More than 1 year has passed since last update.

Hironsanの記事( https://qiita.com/Hironsan/items/326b66711eb4196aa9d4 )で使われているhironsan.txtを用いて、彼の作ったanaGoを試します。
( https://github.com/Hironsan/anago )

hironsan.txtダウンロードと整形

本当は、KNBなどを用いてモデルを作成したほうがいいのですが、時間がかかりそうなのでとりあえずすでに整形されているデータをanaGo用に変換します。

https://github.com/Hironsan/IOB2Corpus

transform.py
# coding: utf-8
with open("hironsan.txt") as file:
    data = file.read().split("\n")

data_spl = [x.split("\t") for x in data]
data_fin = [[x[0],x[-1]] for x in data_spl]
with open("hironsan_anago.txt", "w") as file:
    for x in data_fin:
        file.write(str(x[0])+"\t"+str(x[1])+"\n")
train_test_split.py
# coding: utf-8
def my_train_test_split(data, train_size=0.8):
    train_num = int(len(data) * train_size)
    return data[:train_num], data[train_num:]

with open("hironsan_anago.txt", "r") as file:
    data = file.read().split("\n")
    train, test = my_train_test_split(data)
    valid, test = my_train_test_split(test, train_size=0.5)

with open("hironsan_train.txt", "w") as file:
    for x in train:
        file.write(x+"\n")

with open("hironsan_test.txt", "w") as file:
    for x in test:
        file.write(x+"\n")

with open("hironsan_valid.txt", "w") as file:
    for x in valid:
        file.write(x+"\n")

これらを実行すると、4つのファイルが生成されます。

  • hironsan_anago.txt
  • hironsan_train.txt
  • hironsan_test.txt
  • hironsan_valid.txt

学習済みword2vecを取得・embeddingファイルを生成

$ mkdir w2v_model
$ cd w2v_model
$ wget http://public.shiroyagi.s3.amazonaws.com/latest-ja-word2vec-gensim-model.zip
$ unzip latest-ja-word2vec-gensim-model.zip
# coding: utf-8
from gensim.models import Word2Vec
model = Word2Vec.load("w2v_model/word2vec.gensim.model")
word_vectors = model.wv
word_vectors.save_word2vec_format("emb.txt", binary=False)

emb.txtはgithub上で説明されているglove.6B.100d.txtに対応します。

anaGoの修正

いくつか修正する部分があります。まず、data/reader.pyのload_word_embeddings関数を編集します。これは、emb.txtをsplitしたとき、最初のインデックス以外も語を表す場合があるためです。

data/reader.py
def load_word_embeddings(vocab, glove_filename, dim):
    """Loads GloVe vectors in numpy array.                                                                                                                   
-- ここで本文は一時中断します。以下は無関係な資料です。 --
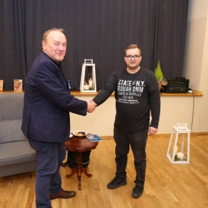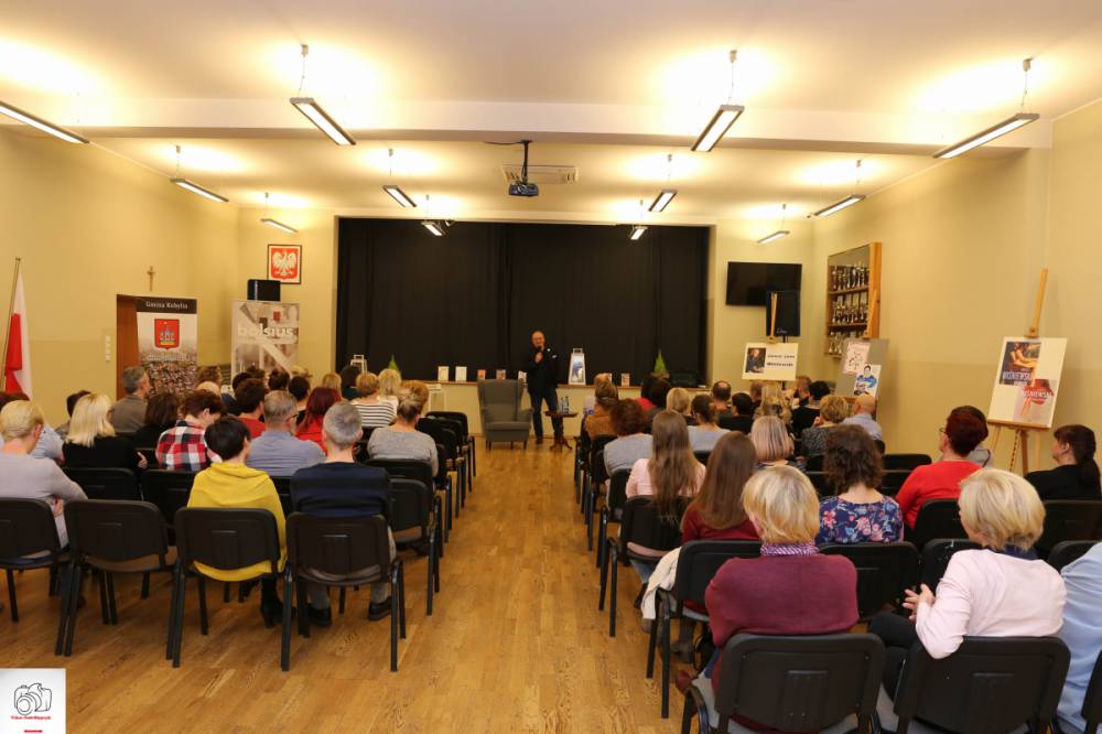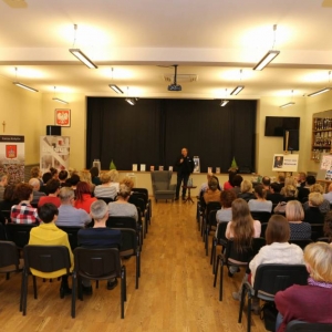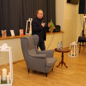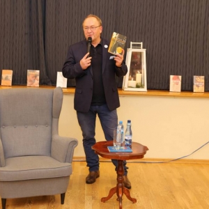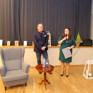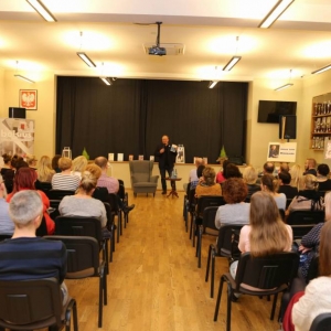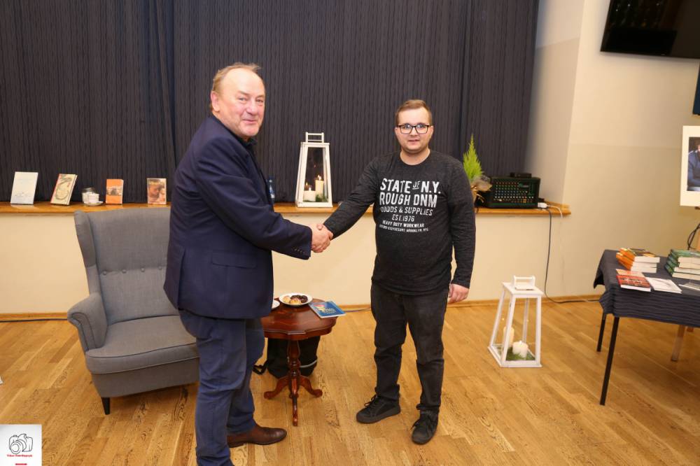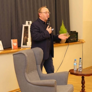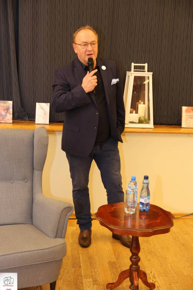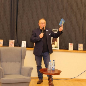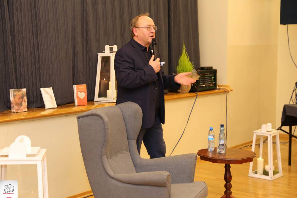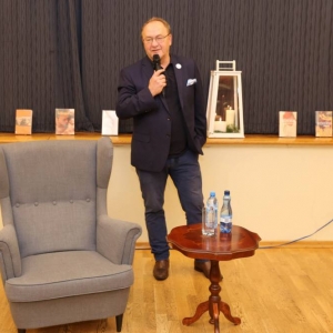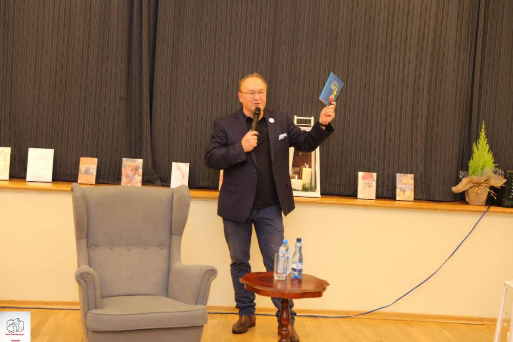 Gość honorowy od pierwszej chwili nawiązał serdeczny kontakt ze słuchaczami. Opowiadał jak rozpoczęła się jego historia z pisaniem. Pisać zaczął przypadkowo, pod wpływem smutnych wydarzeń życiowych. Jego debiutancka powieść ,,Samotność w sieci” stała się bestsellerem i zaczęła żyć swoim życiem, wprowadzając go w artystyczny świat.

    Args:                                                                                                                                                    
        vocab (): dictionary vocab[word] = index.                                                                                                            
        glove_filename (str): a path to a glove file.                                                                                                        
        dim (int): dimension of embeddings.                                                                                                                  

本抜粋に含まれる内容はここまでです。